EXERCISE INPUTS

-------------------------

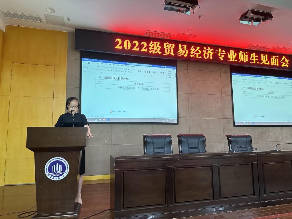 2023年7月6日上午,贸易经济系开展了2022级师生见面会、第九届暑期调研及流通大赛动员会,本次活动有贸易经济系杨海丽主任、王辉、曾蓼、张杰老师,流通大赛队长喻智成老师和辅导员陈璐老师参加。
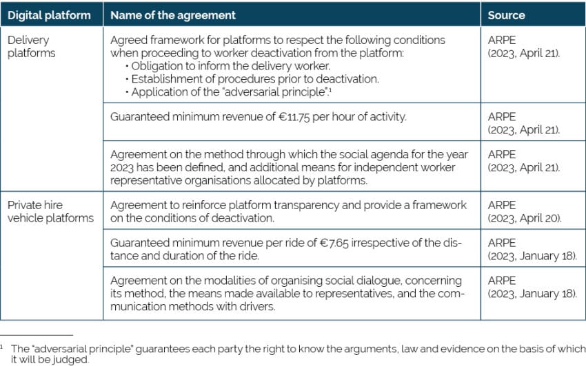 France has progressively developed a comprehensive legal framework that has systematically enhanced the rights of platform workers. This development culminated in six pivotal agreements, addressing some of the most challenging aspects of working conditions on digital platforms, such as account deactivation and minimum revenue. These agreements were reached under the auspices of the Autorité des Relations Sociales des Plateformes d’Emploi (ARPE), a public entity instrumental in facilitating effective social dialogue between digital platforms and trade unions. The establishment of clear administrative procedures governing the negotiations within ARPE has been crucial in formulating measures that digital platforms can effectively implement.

-------------------------

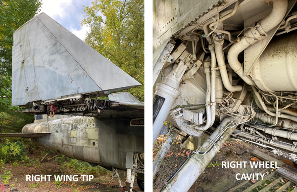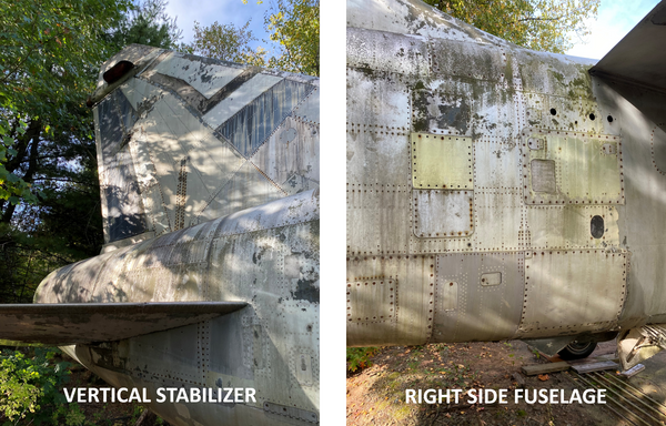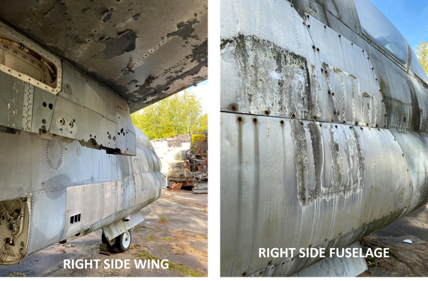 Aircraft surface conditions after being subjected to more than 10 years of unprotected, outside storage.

-------------------------

ACTION ITEM
Word for word, retype the lines in the entries above that run from the one with "2023年7月6日上午,贸易" through the one with "France has progressively". Both ends count; pictures do not.

RESULT OF THE TASK
 2023年7月6日上午,贸易经济系开展了2022级师生见面会、第九届暑期调研及流通大赛动员会,本次活动有贸易经济系杨海丽主任、王辉、曾蓼、张杰老师,流通大赛队长喻智成老师和辅导员陈璐老师参加。
 France has progressively developed a comprehensive legal framework that has systematically enhanced the rights of platform workers. This development culminated in six pivotal agreements, addressing some of the most challenging aspects of working conditions on digital platforms, such as account deactivation and minimum revenue. These agreements were reached under the auspices of the Autorité des Relations Sociales des Plateformes d’Emploi (ARPE), a public entity instrumental in facilitating effective social dialogue between digital platforms and trade unions. The establishment of clear administrative procedures governing the negotiations within ARPE has been crucial in formulating measures that digital platforms can effectively implement.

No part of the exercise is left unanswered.